Upholding Professional Standards 2018/19
14 December 2020
Welcome to the Upholding Professional Standards review for 2018/19
We know that the vast majority of the 199,000 solicitors and 10,300 law firms we regulate do a good job and provide high-quality legal services. But, when people or firms fall short of the standards that we set, we can take action to enforce our standards and make sure that the public can continue to place confidence in the profession. This report looks at how and when we do that.
It also looks at the key themes in our work. You will see that, during 2018/19, we continued to receive reports, 64 in total, about sexual harassment in the workplace. This year, new themes have emerged in relation to ground rents and leasehold issues, as well as solicitor health and wellbeing.

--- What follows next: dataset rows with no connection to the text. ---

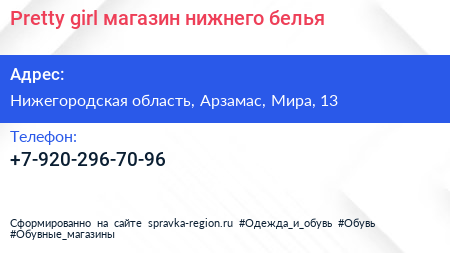 Pretty girl, магазин нижнего белья по адресу Нижегородская область, Арзамас, Мира, 13 в дальнейшем Организация, размещена в следующих категориях:
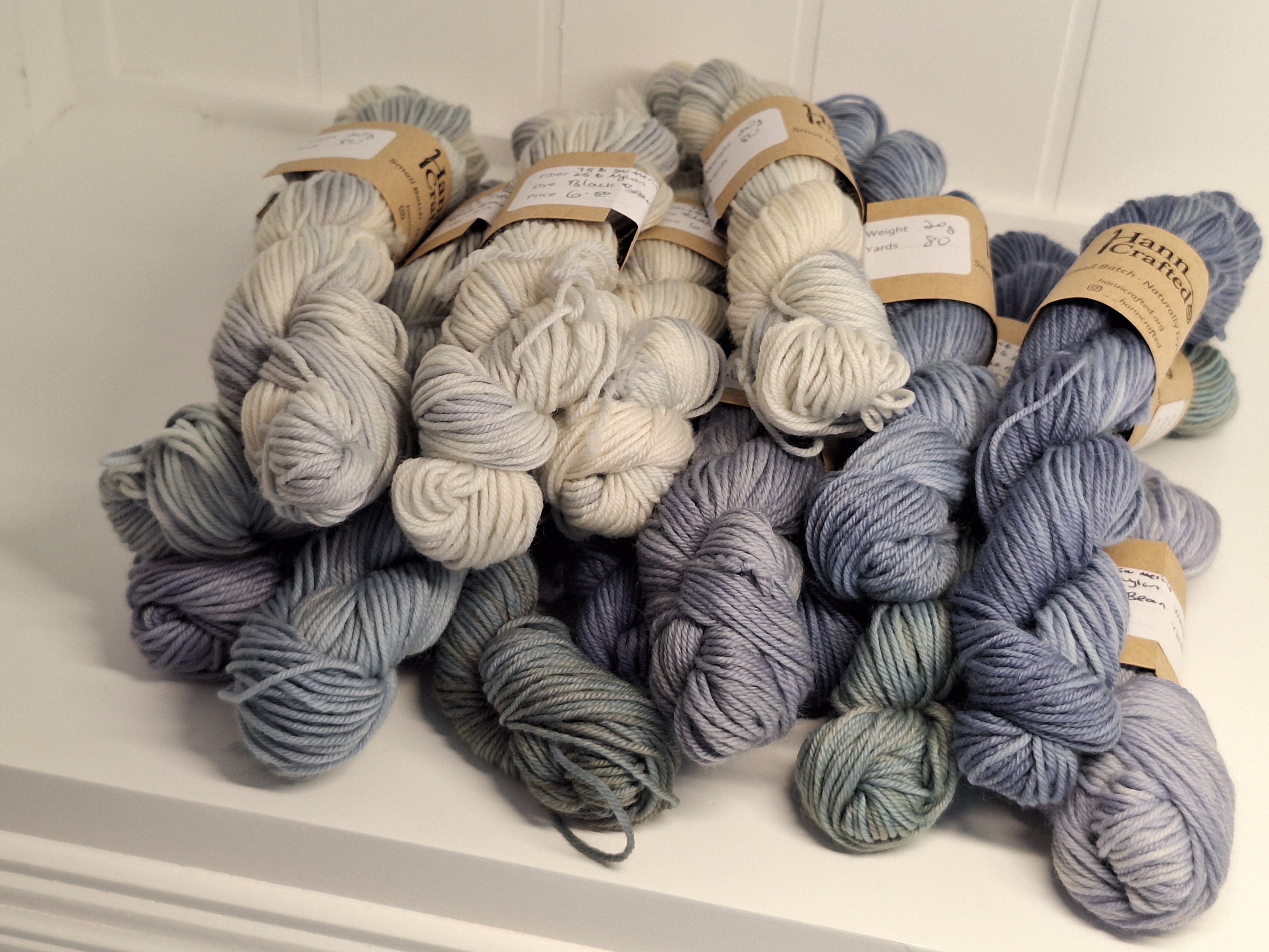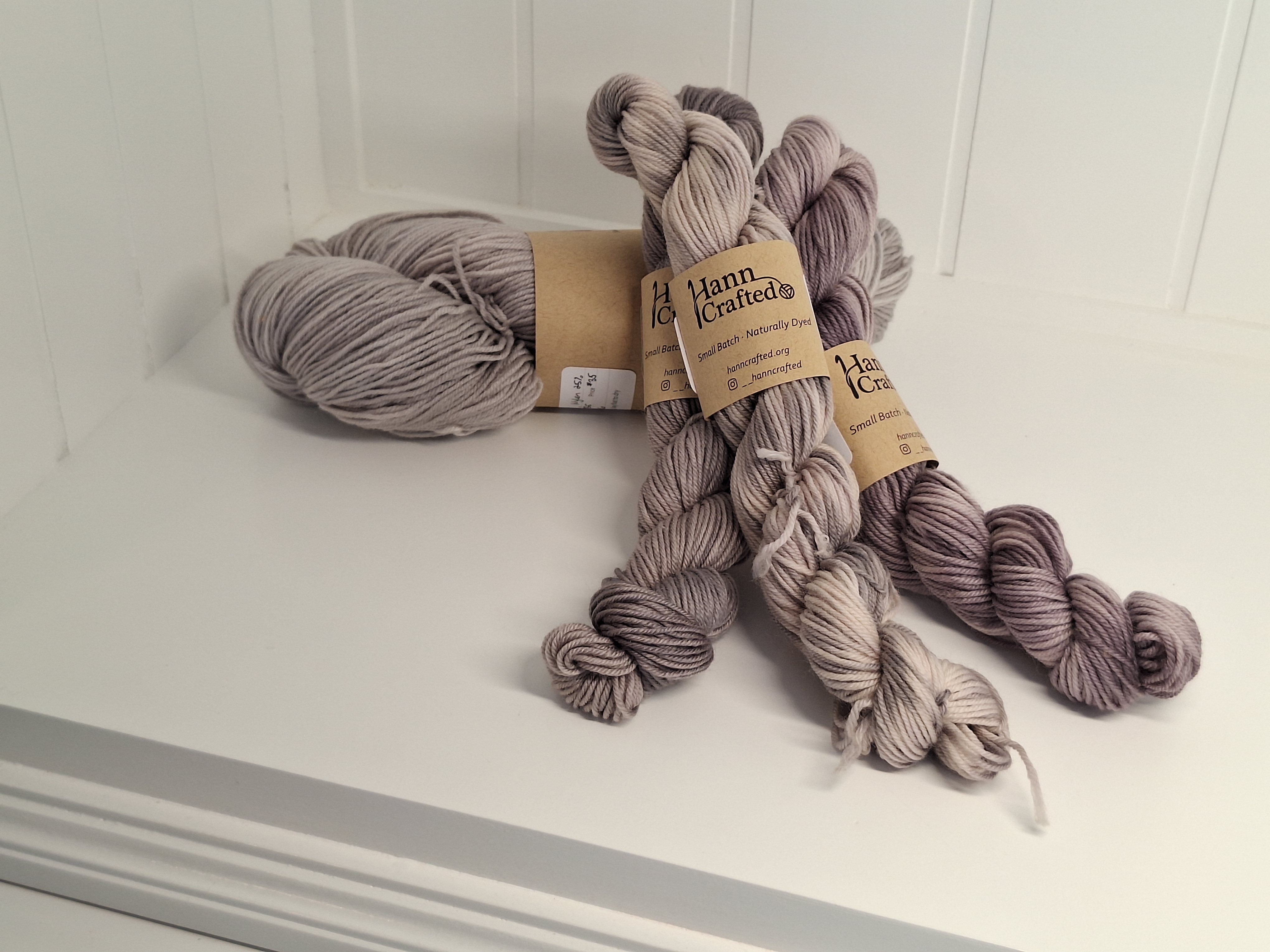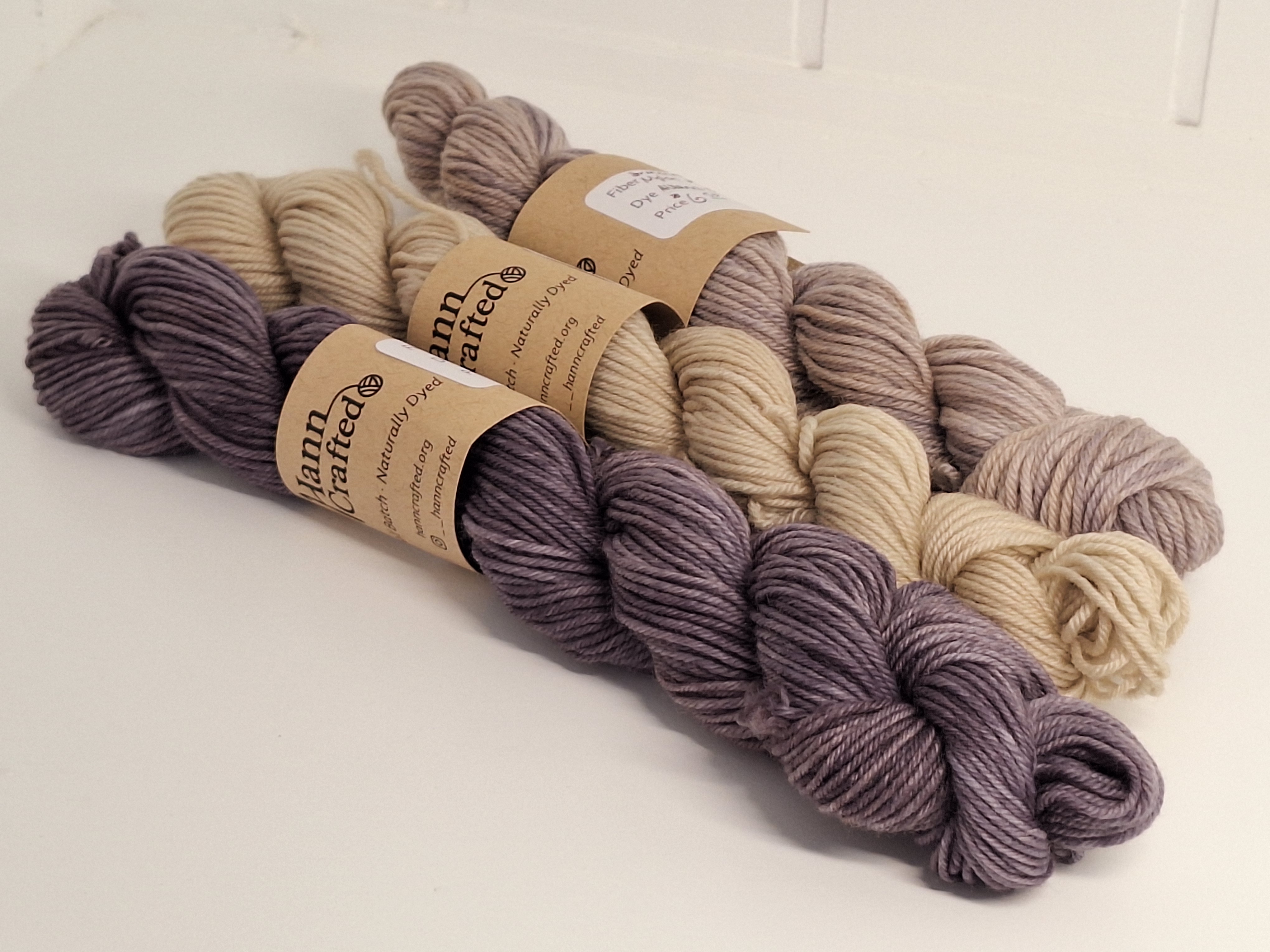 Each skein of naturally dyed yarn is unique, with slight variations in color that make it special. The photos here are examples of past dye batches. If something catches your eye, fill out an order request and I’ll gladly show you what I currently have available in a similar colorway or using the same dye materials.
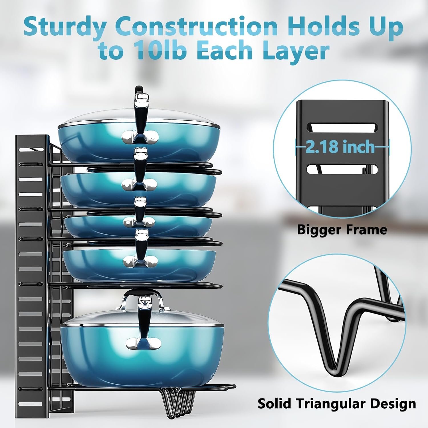 - Super Solid & Sturdy Structure – Upgraded heavy-duty iron construction holds your precious pots/pans steadily and securely; this kitchen cabinet organizer won’t warp, crack, stain or rust, and is super easy to clean; definitely your great helping hand in kitchen organization and storage
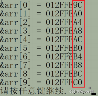 #include <stdio.h> int main() { int arr[10] = {0}; int i = 0; int sz = sizeof(arr)/sizeof(arr[0]); for(i=0; i<sz; ++i) { printf("&arr[%d] = %p\n", i, &arr[i]);//我们将10个元素的地址打印出来。 } return 0; }

This year’s review covers a transition period during which we brought in a new Enforcement Strategy and implemented a new assessment and early resolution process. The new process focuses on upfront engagement with all concerned, delivering earlier outcomes and improving customer service. I anticipate this will make quite a difference to the shape of investigations work in future reports.
In this report we have, for the first time since 2014, reported on the diversity characteristics of the people involved in our enforcement processes. There are various practical reasons why we have been unable to report on this aspect of enforcement work in recent years. While we tackled these, we have taken forward important steps to address the recommendations set out in an earlier independent review of diversity in enforcement.

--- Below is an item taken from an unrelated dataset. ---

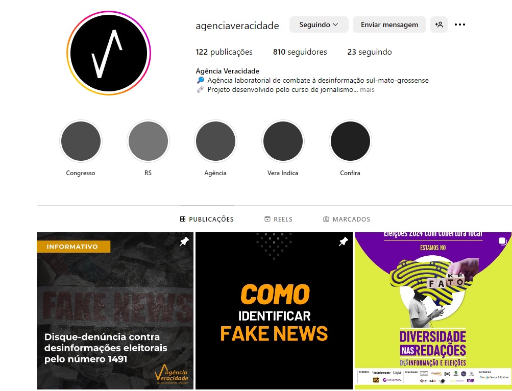 “O diferencial do projeto é ampliar o senso crítico de estudantes e pessoas que nos acompanham no Instagram @agenciaveracidade sobre como as plataformas digitais atuam hoje como meios de acesso à informação e como os algoritmos manipulam a percepção sobre temas do cotidiano e influenciam nas nossas opiniões”, destaca Tais. “Com recursos da Fundect-MS, o projeto envolve bolsistas de graduação e pós-graduação na área da comunicação, desenvolvendo conteúdos de checagem de fatos e informativos. Ver o projeto na lista de pré-aprovados na primeira fase para o Prêmio EBC de Combate à Desinformação mostra que estamos no caminho certo”, ressaltou.
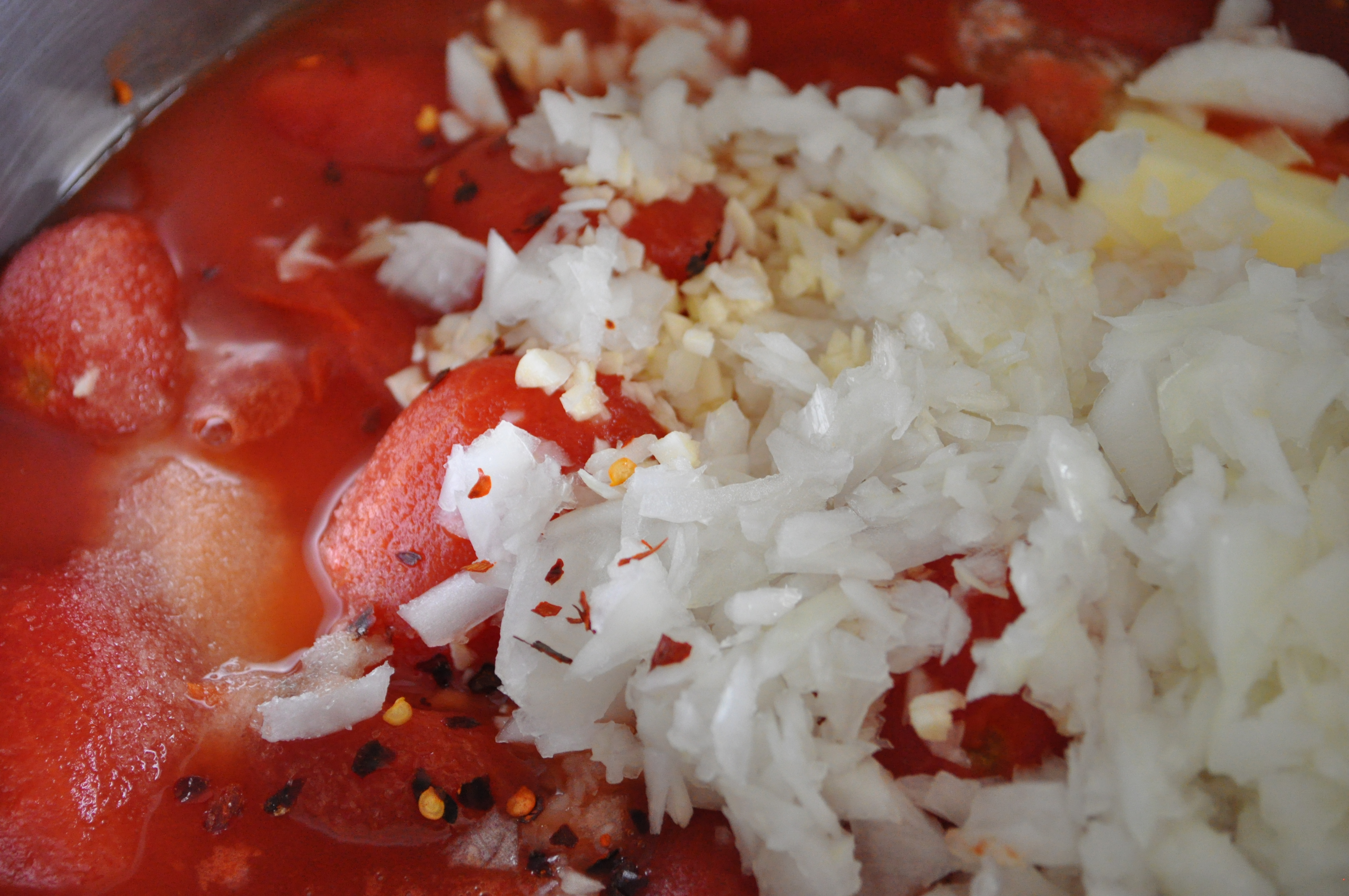 - For sauce: Combine the tomatoes with their juice, butter, onions, garlic, chili flakes and salt in a large pot. I took this picture so there would be photographic evidence that I made something that had chili flakes in it! Anyone who knows me knows my aversion to spicy foods often leads me to omit ingredients like this…I’m trying to branch out. 🙂

The new data shows that there continues to be an overrepresentation of men and people from an ethnic minority background in the set of solicitors about whom concerns are raised. The key question for us now is, what can we do to change this for the future? To help answer this question, we have committed to commissioning independent research in 2021 to understand the structural factors that bring such overrepresentation to our front door, and to identify what we can do about this and where we can work with others to make a difference. These are difficult issues and it is certainly time to see what we can all do to shift the dial.
I hope this year's report will offer some insight into what is a critical, complex and often challenging area of our work.